I don't really care what this child supposedly "agreed" to - as has been said, a 10 year old girl facing a group of larger, older, teens and men, especially those of a higher social status, in a stratified culture, just does not say "no" under those circumstances - the only thing saying "no" would have done is that she would have been forced instead of "agreeing".  The judge is a nutjob, and needs to be locked in a room with a few sexual predators who are older, larger, and outnumber her by at least 10, who offer her the choice of submitting "voluntarily" or being forced, so she can see just what little choice this poor child had.


----------



## Darksoul (Dec 11, 2007)

-I certainly concur with everyone here about a 'proper' punishment for the judge. I find it amusing that we all have the same opinion on what should happen to her. I think many of us are in agreement that people need to be held responsible, perhaps even via violence. For too long, criminals have gotten away with slaps on the wrist, mainly because society blames society and everything else but the criminal for the crime. I mean, seriously, a 10 year old girl? She is not at an age to give consent for anything!!! Any psychologist could tell you that, as well as any normal minded human being. There is something to be said for letting the punishment fit the crime. Of course the fear is that, should we pursue that path of justice, it will get out of hand down the line. Something has got to give though...

A--->


----------



## Tez3 (Dec 11, 2007)

It's worse than you think, she was gang raped at 7 then sent away to foster parents who were white so she was taken away from them and sent back... so she could be ganged raped again at 10.
I imagine if she 'consented' it was the consent you give when you are terrified for your life, surrounded by many men and lads bigger than you who could quite easily snap you into little pieces but she consented so that's alright then! How can that judge sleep at night,this is a child, a babe, who has been let down *twice* by adults and those who should be protecting her. Yep I agree bad things should come to this judge, I can only wish better things and love for the child.


----------



## TheOriginalName (Dec 11, 2007)

This story simply sickens me. 
We Aussies pride ourselves on a fair go for everyone - how did we give this child a fair go? How did the system break down to the point that this child was placed in such a terrible position. 
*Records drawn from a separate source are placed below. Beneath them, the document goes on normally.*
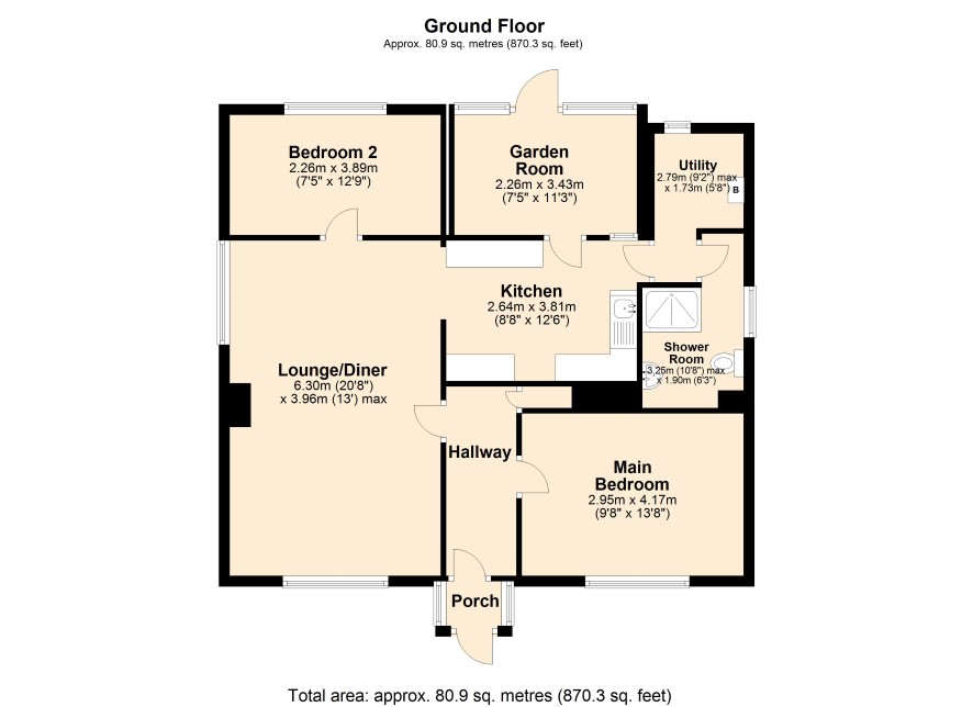 Entrance porch, hall, bedroom, lounge/diner, bedroom, kitchen, shower room, conservatory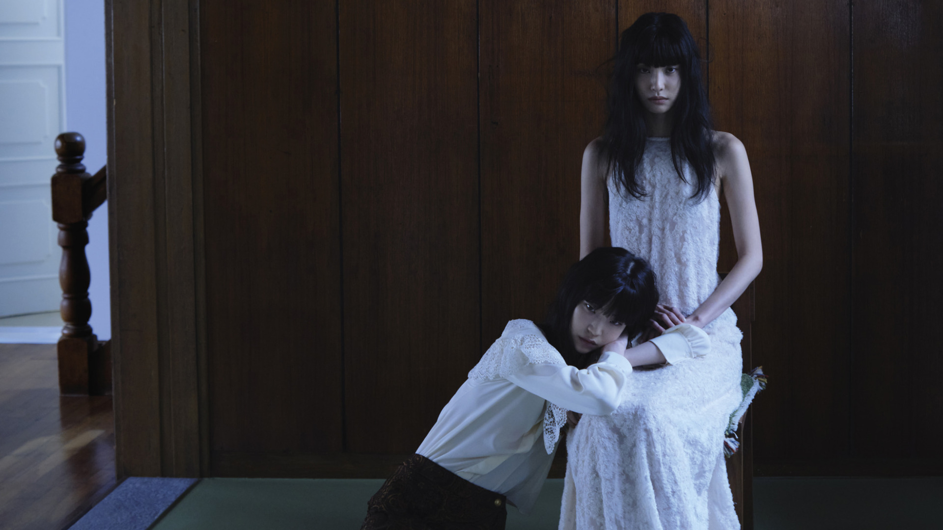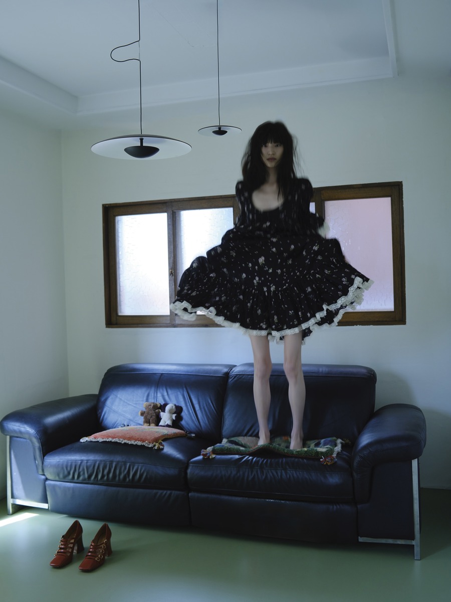 마유가 입은 플라워 패턴의 슬립 드레스는 루이 비통(Louis Vuitton). 제이가 입은 리본 타이 원피스는 셀프포트레이트(Self-Portrait).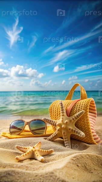 Летние предметы первой необходимости на песчаном пляже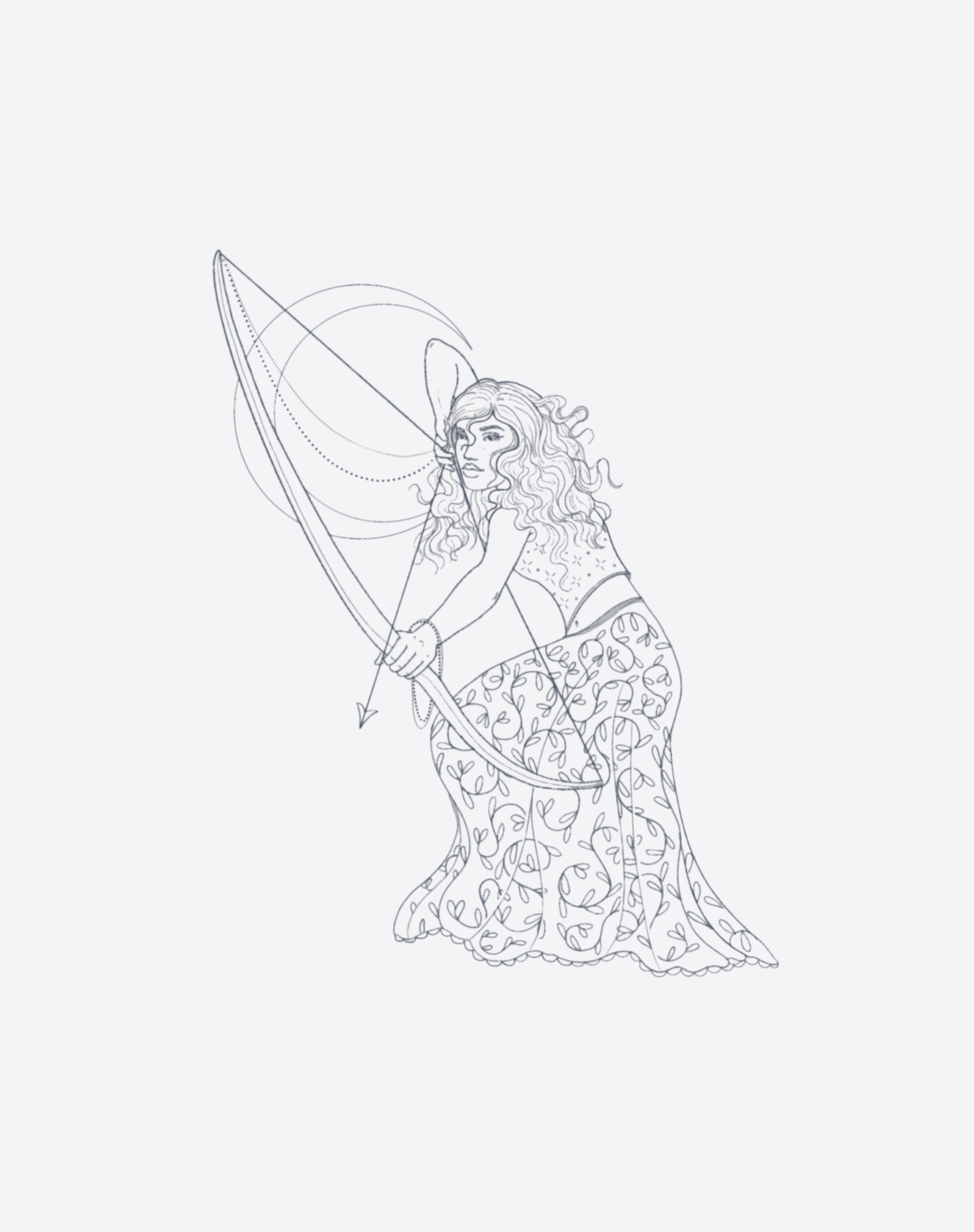 Huntress is a 4x4 inch design by @lish.tattoos that channels focus, intuition, and the power of pursuit. A poised archer kneels in balance, her bow drawn beneath the curve of celestial rings that trace her aim. The intricate floral detailing of her skirt softens the strength of her stance, blending grace with precision. Long a symbol of self-trust and purpose, the huntress embodies the courage to seek what calls from within. This 1–2 week EZINK temporary tattoo aligns beautifully with placements on the shoulder, thigh, or side rib—serving as a quiet reminder that clarity comes through stillness before release.

I think the most disturbing part of this story is the Judge. This person is supposed to uphold the law and be a becon of morality and justice. How is this moral or just?? How can any educated individual say that a child of 10 years agreed to this. 

I am sicked and ashamed that this happened in my country.


----------



## Steel Tiger (Dec 11, 2007)

I am so angry about this I honestly don't know what to say.


----------



## MA-Caver (Dec 11, 2007)

TheOriginalName said:


> This story simply sickens me.
> We Aussies pride ourselves on a fair go for everyone - how did we give this child a fair go? How did the system break down to the point that this child was placed in such a terrible position.
> 
> I think the most disturbing part of this story is the Judge. This person is supposed to uphold the law and be a becon of morality and justice. How is this moral or just?? How can any educated individual say that a child of 10 years agreed to this.
> ...


Well for an Aussie I can appreciate how you must be feeling. Often times we hear and discuss stories like these but we rarely hear about the outcome and the end of the story. 
I for one would appreciate it if you can keep tabs on this particular one and let us know how it goes.


----------



## tellner (Dec 11, 2007)

That's why they call it _*Age of Mother****ing Consent*_! And she's being 'protected' by the fact that some of them are on probation.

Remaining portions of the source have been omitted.